▸ **HOW TO COMPLETE THIS TASK**
For the data below, transcribe the part that opens with the line containing "The City of" and closes with the line containing "Sahale Snacks 7", exactly and with no pictures.
START AVAILABLE DATA
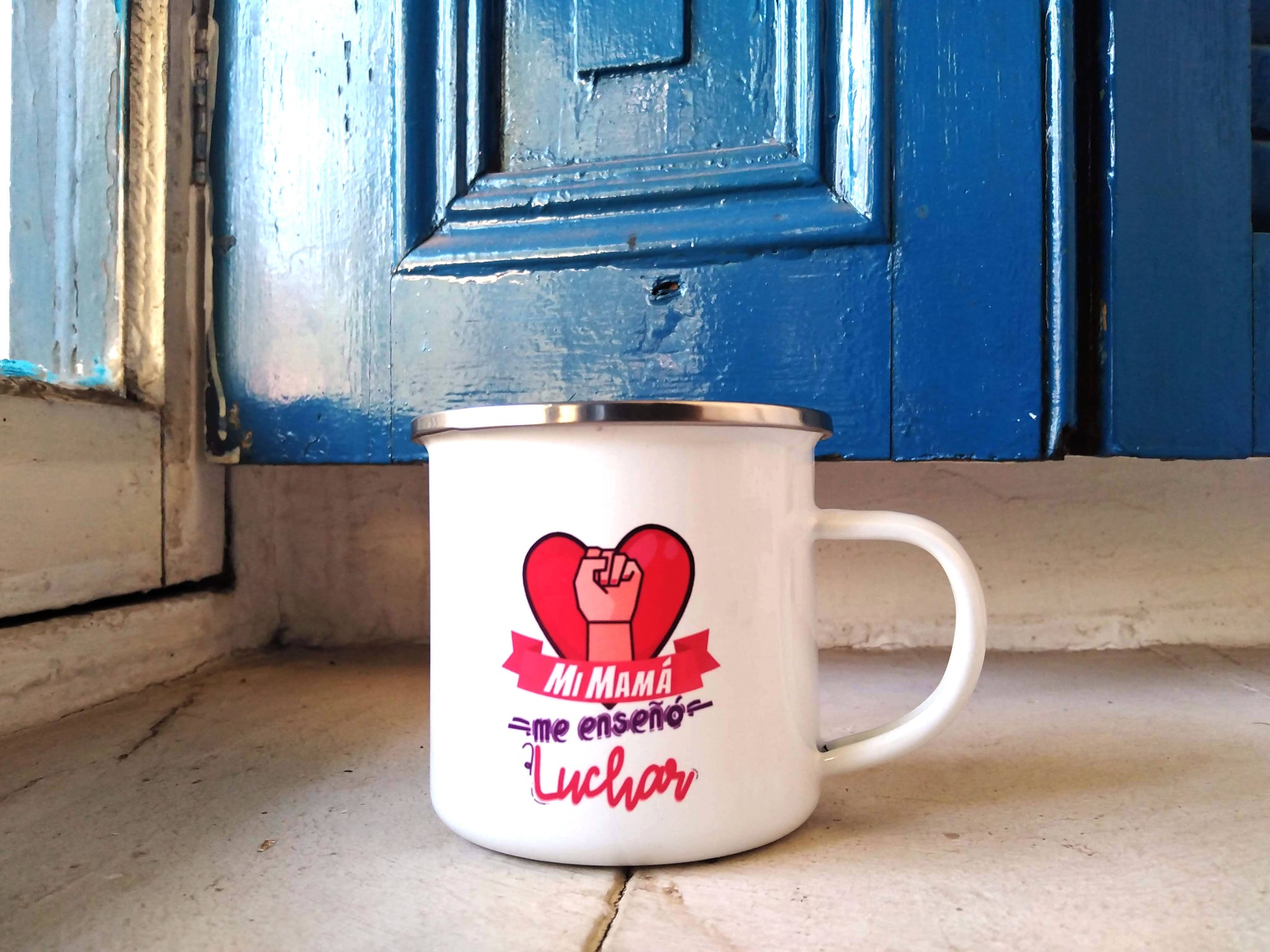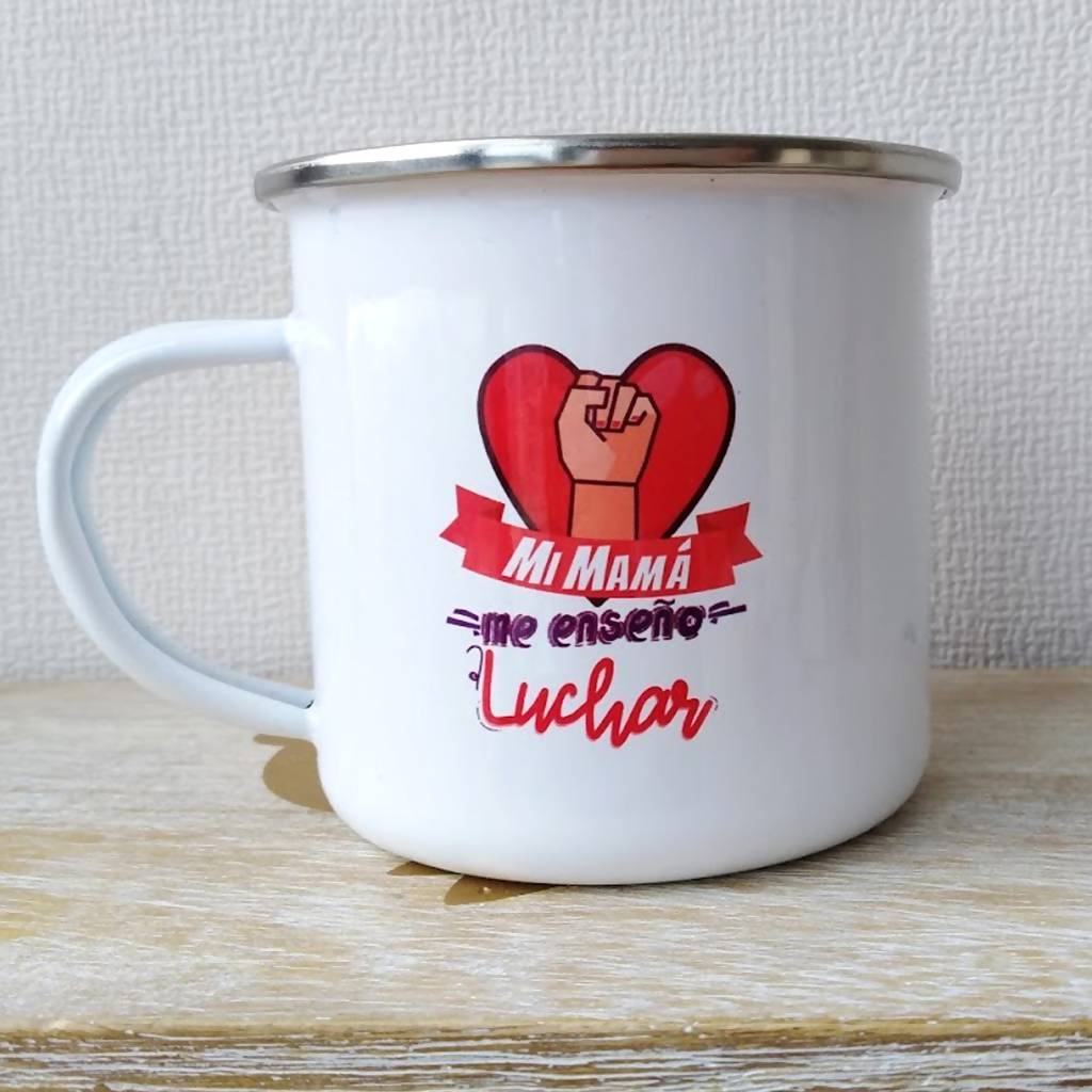 Tazón Enlozado con gráfica, "Mi mamá me enseño a Luchar". Ideal para regalar a las super mamás.
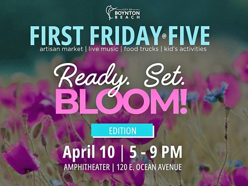 The City of Boynton Beach continues to offer a free concert series on the First Friday at 5 p.m., monthly through November, 2026, however due to Good Friday, the April event will be held on the 10th. Since spring is in full swing, and it’s time to celebrate with a vibrant, bloom?themed event. READY. SET. …
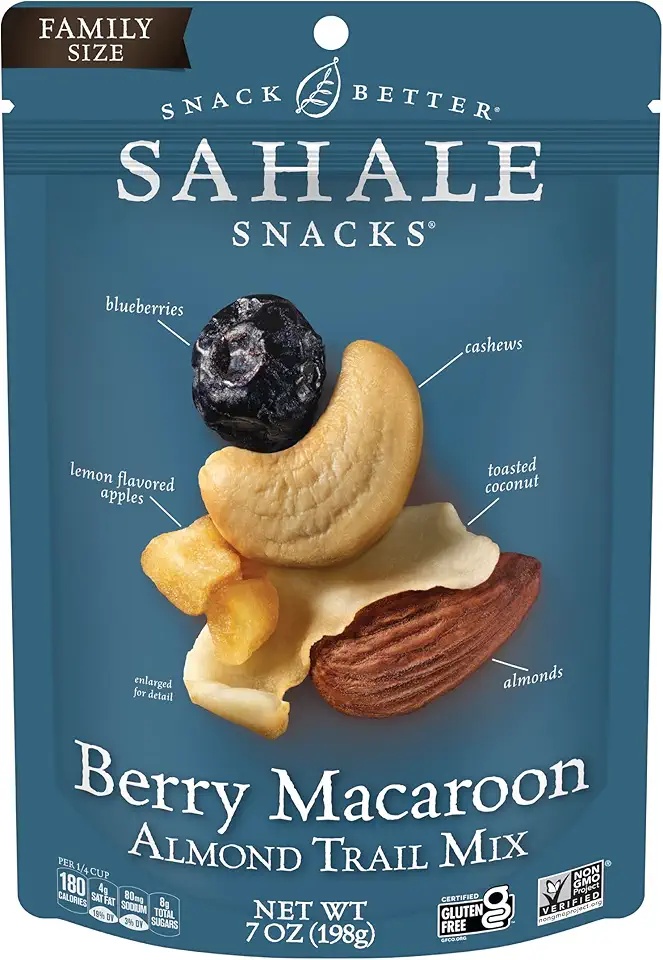 Sahale Snacks 7 oz pouch – dry-roasted deluxe mixed nuts with coconut, blueberries, and apples. Non-GMO, kosher, and gluten-free trail mix. Generous size for sharing or longer snacking sessions.
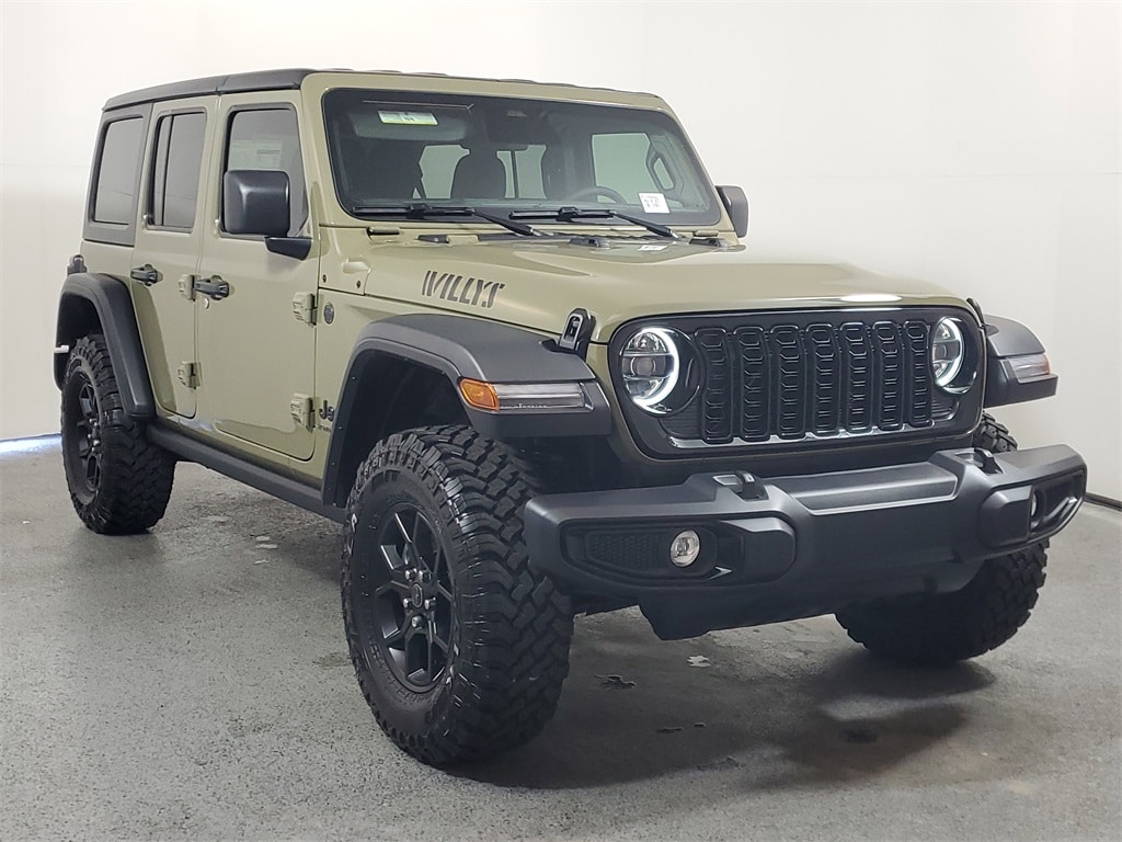This Wrangler is well equipped with Convenience Group (2-Door Passive Entry, Front Door Locks, Air Conditioning with Auto Temp Control, Air Filtering, Cluster 7.0" TFT Color Display, Emergency/Assistance Call, Heated Front Seats, Heated Steering Wheel, and Universal Garage Door Opener), Quick Order Package 24W Willys (4-Wheel Drive Swing Gate Decal, 7 and 4 Pin Wiring Harness, Advanced Brake Assist, Automatic Headlamps, Auxiliary Switches, Black Grille, Class II Receiver Hitch, Conventional Differential Front Axle, Corning Gorilla Glass, Dana M210 Wide HD Tube Front Axle, Dana M220 Wide Rear Axle, Daytime Running Lamps LED Accents, Deep Tint Sunscreen Windows, E-Locker Rear Axle, Enhanced Adaptive Cruise Control, Front LED Fog Lamps, Full Speed Forward Collision Warning Plus, Injection Molded Black Rear Bumper, LED Premium Reflector Headlamps, Mold in Color Bumper with Gloss Black, Molded in Color Rubicon Highline Flare, MOPAR All-Weather Floor Mats, Off-Road Plus Mode, Power Heated Mirrors, Premium Wrapped Steering Wheel, Security Alarm, Sun Visors with Illuminated Vanity Mirrors, Wheels: 17" x 7.5" Painted Black, Willy's Suspension, and Willys Hood Decal), Safety Group (Auto High Beam Headlamp Control, Blind Spot and Cross Path Detection, LED Taillamps, and ParkSense Rear Park Assist System), 12.3" Touchscreen Display, 4-Wheel Disc Brakes, 4G LTE Wi-Fi Hot Spot, 8 Speakers, ABS brakes, Air Conditioning, AM/FM radio: SiriusXM with 360L, Apple CarPlay, Apple CarPlay/Android Auto, Aux Battery, Black 3-Piece Hard Top, Brake assist, Cloth Low-Back Bucket Seats, Compass, Connectivity - US/Canada, Delay-off headlights, Driver door bin, Driver vanity mirror, Dual front impact airbags, Dual front side impact airbags, Electronic Stability Control, For More Info, Call 800-643-2112, Freedom Panel Storage Bag, Front anti-roll bar, Front Bucket Seats, Front Center Armrest w/Storage, Front fog lights, Front reading lights, Google Android Auto, Illuminated entry, Integrated Center Stack Radio, Integrated roll-over protection, Low tire pressure warning, Myflexcare Service Plan, Non-Lock Fuel Cap Without Discriminator, Normal Duty Suspension, Occupant sensing airbag, Outside temperature display, Overhead airbag, Panic alarm, ParkView Rear Back-Up Camera, Passenger door bin, Passenger vanity mirror, Power steering, Power windows, Radio data system, Radio: Uconnect 5 with 12.3" Display, Rear anti-roll bar, Rear reading lights, Rear Window Defroster, Rear Window Wiper/Washer, Remote keyless entry, SiriusXM Radio Service, SiriusXM with 360L, Speed control, Split folding rear seat, Steering wheel mounted audio controls, Stop-Start Dual Battery System, Tachometer, Telescoping steering wheel, Tilt steering wheel, Traction control, Trip computer, Variably intermittent wipers, and Wheels: 17" x 7.5" Black Steel Styled. Some customers may not qualify for all rebates listed, see dealer for details. Price includes: $2500 - 2026 National Select Inventory Bonus Cash. Exp. 01/05/2026
END AVAILABLE DATA
▸ **REPLY TO THE TASK**
 The City of Boynton Beach continues to offer a free concert series on the First Friday at 5 p.m., monthly through November, 2026, however due to Good Friday, the April event will be held on the 10th. Since spring is in full swing, and it’s time to celebrate with a vibrant, bloom?themed event. READY. SET. …
 Sahale Snacks 7 oz pouch – dry-roasted deluxe mixed nuts with coconut, blueberries, and apples. Non-GMO, kosher, and gluten-free trail mix. Generous size for sharing or longer snacking sessions.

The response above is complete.